Countdown with Keith Olbermann: October 19, 2006

OLBERMANN: Scientists at Duke University have tested an invisability cloak, an advanced version of which might someday be able to hide a space craft from an enemy like in “Star Trek” or make a person invisible as in “Harry Potter.”

The breakthrough in our No. 1 story in the COUNTDOWN is a bit more modest than that. What scientists have achieved is to essentially hide a copper cylinder from detection from microwaves, by covering the object with a cloak. In this case a meta material made of 10 fiberglass rings covered with cooper elements which redirected the electromagnetic waves. The researchers at Duke and the Imperial College in London don't claim to be anywhere near Harry Potter territory, though scientists do believe that cloaking radar waves and cloaking ultimately light waves is theoretically possible.

And we have these dudes on the Internet demonstrating through TV trickery, of course, what it might look like. The cloak of the future, a blanket of nano material which would pass the light waves around the object creating the illusion of invisability. It's an illusion.

Once again, as we always do, when science really confuses us we turn to the chief astronomer at the Franklin Institute Science Museum in Philadelphia, Derrick Pitts.

Thanks again for your time tonight, Derrick.

DERRICK PITTS, ASTRONOMER, FRANKLIN INSTITUTE MUSEUM: My pleasure, Keith.

OLBERMANN: Well, how serious is this? I mean, great. It can't be seen by microwaves. I don't use microwaves to see. Did they oversell this by describing it as an invisibility cloak?

PITTS: Well not really. The reason why they describe it as an invisibility cloak is because it was impossible or difficult for them to at least to detect the microwaves emanating from the source that they had placed behind the copper cylinder. So in a sense, it really was invisible, although we typically tend to think of invisibility related to visible light, but it this case it works the same way.

OLBERMANN: What analogies can you draw, you've done this for us before, to sort of reduce this down to normal terminology in terms of how this actually worked?

PITTS: The easiest way to think of this is to imagine two things, No. 1, imagine what a mirage looks like down a road where you look down the road and can sort of see a shimmery patch out in front of you that really is a reflection of the sky above and now other thing to do is to imagine the flow of a stream of water around a rock. As the water comes down the rock it splits behind the rock, comes around the rock, and comes back together in front of the rock. So in a sense the water you see in front of the rock sort of looks exactly like the water behind the rock, and that's what this is really doing. It's wrapping that mirage that we spoke of just a moment ago, right around the copper cylinder so you can see what was behind the cylinder.

OLBERMANN: All right, so where do they go from this?

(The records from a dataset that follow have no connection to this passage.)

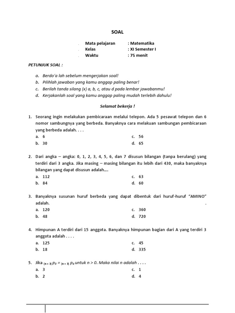 Pilihan Ganda (Multiple Choice) Satu Soal Terdiri Atas Beberapa Kemungkinan Jawaban,.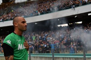 Il difensore della Loggetta, capitano oggi del Sassuolo, ha ricevuto prima del fischio d’inizio il giusto e doveroso riconoscimento da parte dei suoi tifosi e soprattutto amici. Una standing ovation degli oltre 50mila sostenitori presenti sugli spalti ha accolto l’ingresso in campo di Cannavaro che si è recato sotto la curva B per l’omaggio dei tifosi.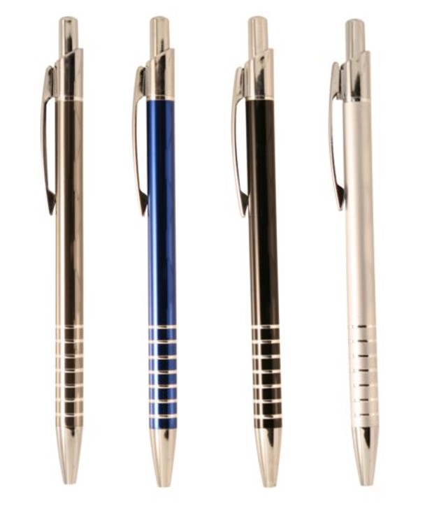 Kvalitetni cenovno ugodni kemični svinčniki s kovinsko sponko, aluminijastim ohišjem in potisnim mehanizmom, namenjeni za vsakdanjo rabo.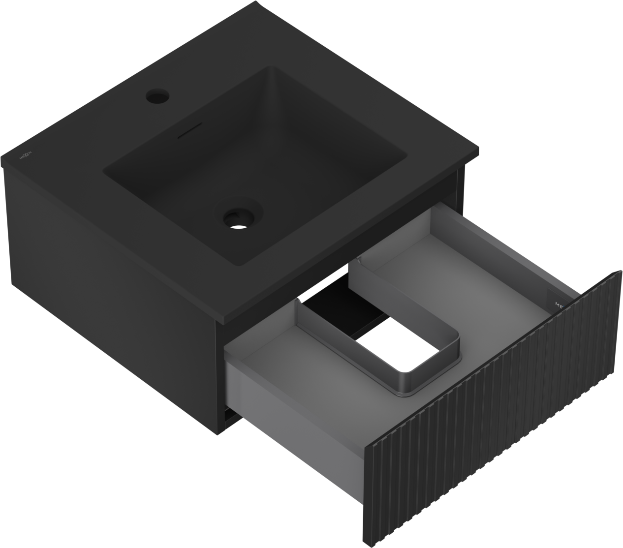 Mexen Rivel kúpeľňová skrinka 50 cm s umývadlom Otis, 1 zásuvka, ryhovaná, čierny mat - 91A20-05023-1-BF71-W18M71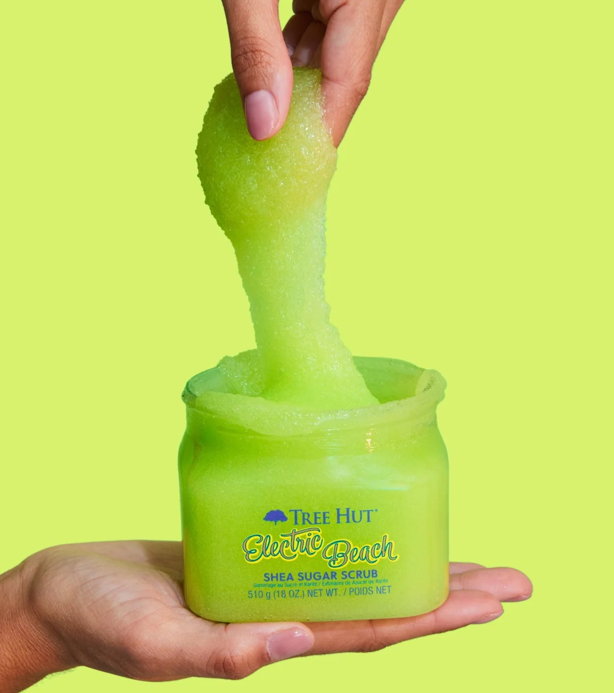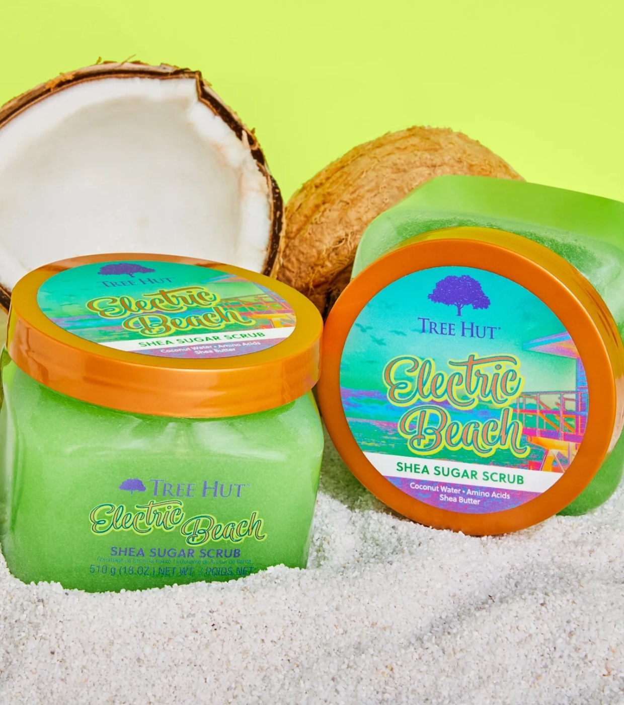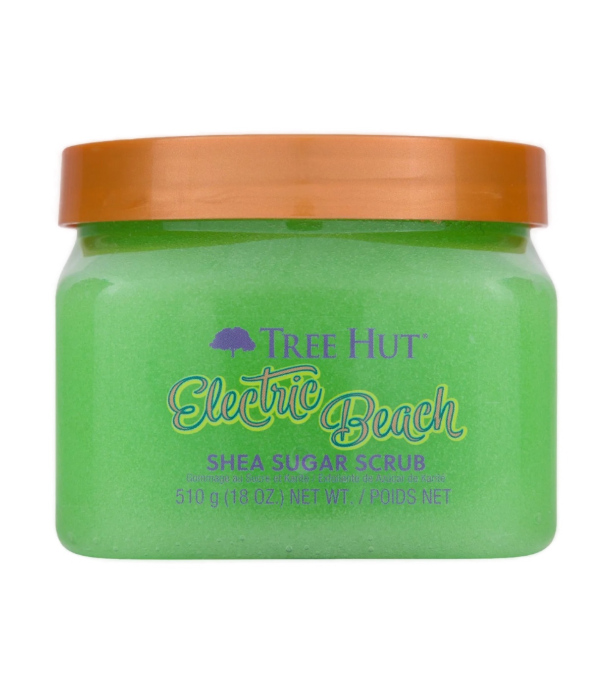 Mejora tu rutina de ducha y luce una piel radiante con el exfoliante corporal Shea Sugar Scrub de Tree Hut, en el irresistible aroma Electric Beach.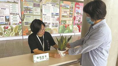 兰科专家倪子轶也接待了不少“病患”,看来养国兰和洋兰的市民不少。一位市民替家养的兰花问诊,他告诉专家,这盆兰花叶面卷曲,正面有黄斑,背面有黑点,根部黄掉以后叶子还会断掉;另一位市民说,养的蝴蝶兰才2天花就谢了,叶子也发黄,求助专家。倪子轶耐心回复,并建议如果有病虫害,可以挂“病虫害防治科”,找专家王一椒。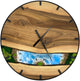 Runde Wanduhr aus Walnussholz, 35 cm, schwarzer Rahmen, arabische Ziffern, blaues Epoxidharz, grünes Moos, Insel, Küste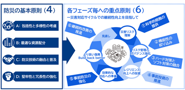防災を考慮したコミュニティ・インフラストラクチャーの計画、建設、活用、維持、改善のための原則と基本要件をまとめています。この原則は、仙台枠組の考え方を踏まえ、4つの基本原則(A包括性と多様性の考慮、B最適な資源配分、C防災技術の融合と普及、D堅牢性と冗長性の強化)と災害対応フェーズに沿った6つの重点原則(1.科学的根拠の提供、2.機能性の絞り込み、3.ハード対策とソフト対策の融合、4.事前投資の推進、5.事前防災の強化、6.継続的改善の推進)から構成されます(下図)。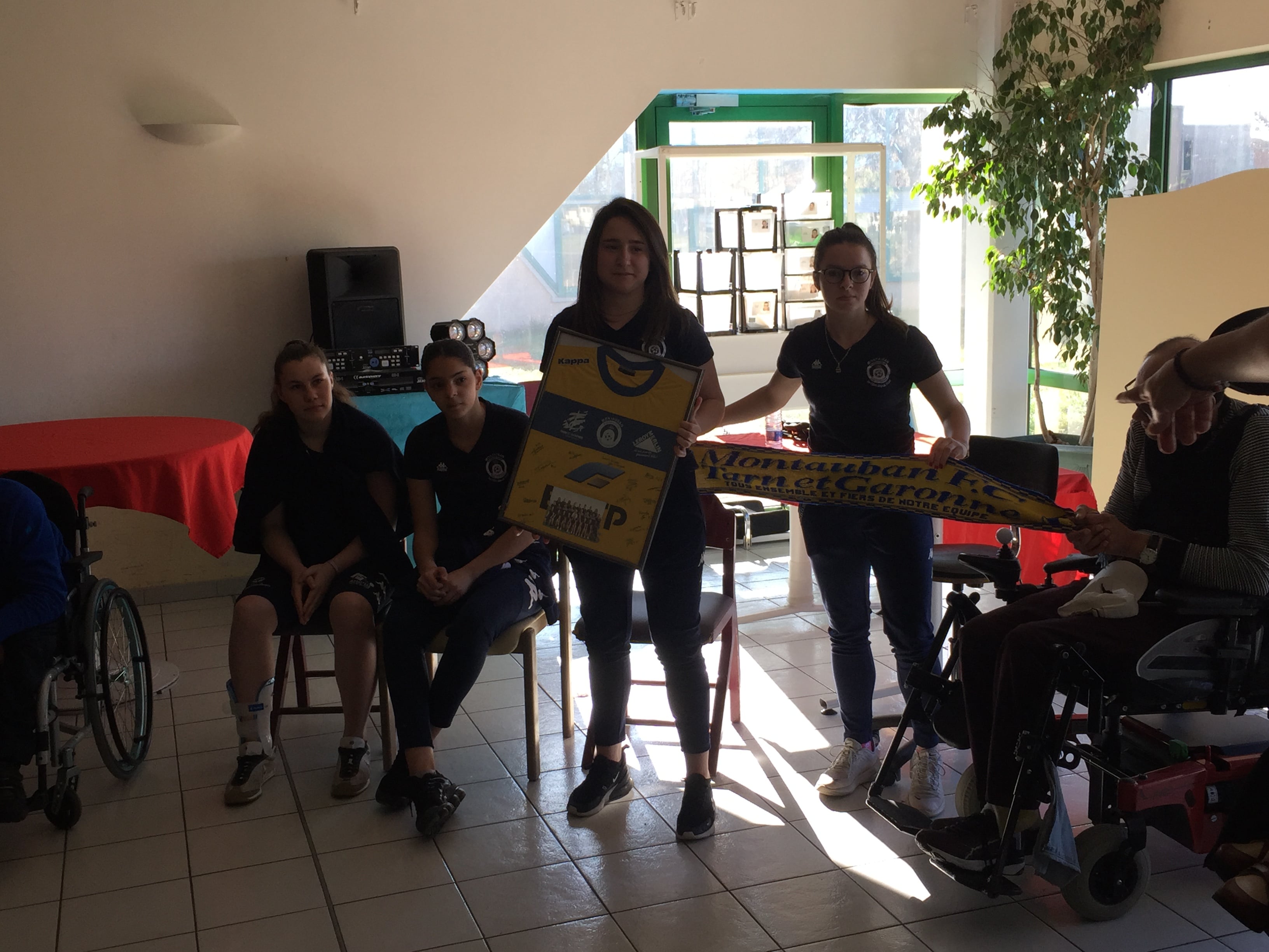 Comme symbole de notre échange, nos filles ont remis un maillot dédicacé par les joueuses de la D2 Féminine aux personnes accueillies. Pour les fervents supporters, nous leur avons également remis une écharpe en guise de souvenirs mais aussi à porter les jours de matchs du MFCTG !!

Is the next thing trying to hide stuff from radar waves or what?

PITTS: Yeah. I'm surprised you can see me because I have a little box here that I was testing to make myself disappear, but I guess that's not working. OK, yeah, the next thing to do with this is really to see if it could possibly be applied to some technology like radar that might be used on defending fighter aircraft. But that's a big process that has to be taken care of, but it's possible that it actually could get to be that size or you work in an application that big.

OLBERMANN: All right, and speaking of size, the really cool, real- life inadvisability cloak that you could somehow become invisible with, is it an all or nothing proposition? Does size apply to that? Could we small cloak small things first, or, you know, forks, pens, softballs, the answers to the test, then move on to big stuff that would really freak people out like hiding whole people?

PITTS: Yeah, the real problem though is that the way in which this process works, the mechanism that allows to it work, it's easier to manipulate this when you're working with microwaves because of the size of the wave length, you can actually work with the cloaking material itself—you can actually work with that by hand and move the stuff around to make the cloak. But to do it for visible light wave lengths, the visible white wave lengths are so much smaller, Keith, that it makes it really difficult to manipulate that. So the difficulty with the visible light is the capability to actually work with the very very tiny stuff. It's like—it's really the—an advanced application of nano technology, and in this case I'd say nano, nano technology, very, very small.

OLBERMANN: So you're not betting on this? We're not going to see this in our lifetime or 1,000 years from now?

PITTS: Well, I'm not betting on it right away. I would say that we'll probably see the move in technology toward the—attempting the capability to make it work for light waves, but it's a ways off, yet.

OLBERMANN: Yeah, and then the fun really begins when we start becoming invisible. Derrick Pitts, chief astronomer of the Franklin Institute, and for our money the new Mr. Science. Thanks again, Derrick.

PITTS: My pleasure. Thank you.

OLBERMANN: That's COUNTDOWN, for this the 1,265 th day since the declaration of “Mission Accomplished” in Iraq. Senator Barack Obama of Illinois joins us tomorrow. I'm Keith Olbermann, goodnight and good luck.